The changes are not dramatic from the last time the OBR reviewed the economy. The growth forecast has been trimmed to 1.2 per cent from 1.3 per cent, while the 2011 projection has been cut to 2.3 per cent from 2.6 per cent. The 2012 figure is unchanged at 2.8 per cent while the 2013 and 2014 projections are edged up to 2.9 per cent (from 2.8 per cent) and 2.7 per cent (from 2.6 per cent). What will this mean in real, human terms?
Unemployment will be about 30,000 higher this year as a result of cuts to public spending, as some forecasters predicted. The OBR says it will peak at 8.1 per cent, but fall to 6.5 per cent by 2014 – around 100,000 more jobless than might have been expected under Labour's policies, though the coalition claims continued higher borrowing would have triggered a Greek-style crisis.
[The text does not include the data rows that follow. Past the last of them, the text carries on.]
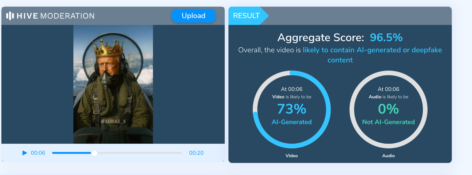 En Factchequeado, además de analizarlo por nuestra cuenta, lo analizamos con una herramienta de detección de contenido generado por IA, que arrojó que el video se hizo con inteligencia artificial.
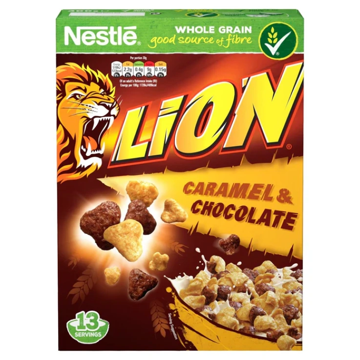 Experience the great flavour sensation of Nestle Lion wholegrain breakfast cereal. An indulgent combination of scrumptious chocolate cereal pieces combined with yummy caramel cereal pieces make LION the king of cereals! Contains 9 vitamins and minerals, including calcium and iron. It’s made with 39% whole grain and is a source of fibre.
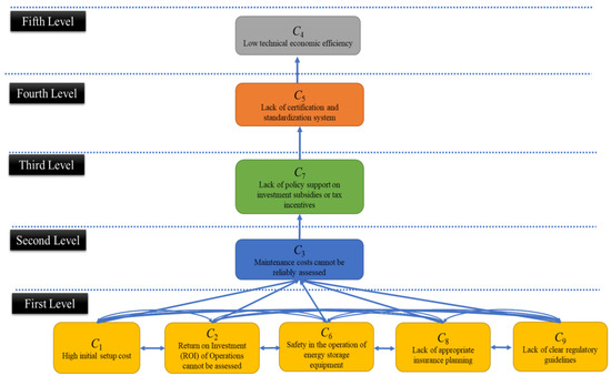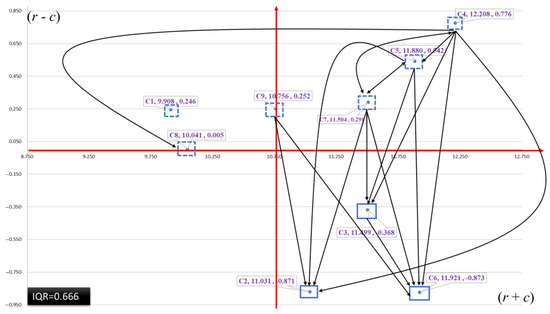 After the total influence matrix is gained, the net influence degree (r − c) and centrality (r + c) of barrier factors can be computed as Equations (14)–(17). The various influence relationships in the overall assessment system can be expressed according to the fuzzy value of the total influence relationship matrix, as presented in Table 12. The crisp values are presented in Table 13. The results show that the top three barrier factors that influence the other barrier factors are C4 (Low technical economic efficiency): 6.492 > C5 (Lack of certification and standardization systems): 6.211 > C7 (Lack of policy support for investment subsidies or tax incentives): 5.898; the top three barrier factors affected by other barrier factors are C6 (Safety in the operation of energy storage equipment): 6.397 > C2 (Operating return on investment cannot be assessed): 5.951 > C3 (Maintenance cost cannot be assessed): 5.934. The total influence of the indicators from large to small is as follows: C4 (Low technical economic efficiency) > C6 (The safety in the operation of energy storage system) > C5 (Lack of certification and standardization system) > C7 (Lack of policy support for investment subsidies or tax incentives) > C3 (Maintenance cost cannot be assessed accurately) > C2 (Return on Investment (ROI) of Operations cannot be assessed) > C9 (Lack of clear regulatory guidelines) > C8 (Lack of appropriate insurance planning) > C1 (High initial setup cost). It can be seen that C4 (Low technical and economic benefits) exerts the greatest overall impact on the entire system, followed by C6 (Safety in the operation of energy storage equipment), and C7 (Lack of policy support for investment subsidies or tax incentives).

Yet some economists warn that unemployment could go much higher. James Knightley of ING commented: "Unemployment is likely to remain high. The Chartered Institute of Personal Development is warning of up to 725,000 public sector job losses resulting from fiscal austerity.
"During the last period of significant fiscal austerity in the 1990s more jobs were lost, but these were absorbed by a vibrant private sector. This time the prospect of three million unemployed is still a risk, which has the potential to feed back and further depress activity."
Most miserably of all for a nation grown used to substantial increases in its living standards, the OBR say that household consumption will rise by a minimal 0.2 per cent this year and 1.3 per cent next: then again, raising a tax on consumption, such as VAT, is supposed to be part of the "rebalancing" of the economy towards exports and investment, both of which are set to bounce back. Much depends now on inflationary expectations and pay rises. The latest surveys from the Bank of England suggest that inflationary expectations are starting to become "de-anchored" from the official two per cent target, which will worry the Bank, especially with a rise in Vat pending. In his Mansion House speech, Governor Mervyn King said: "If prospects for growth were to weaken, the outlook for inflation would probably be lower and monetary policy could then respond."
Mr Osborne will be hoping Mr King keeps his word and that events in the eurozone and the banking world don't upset their plans.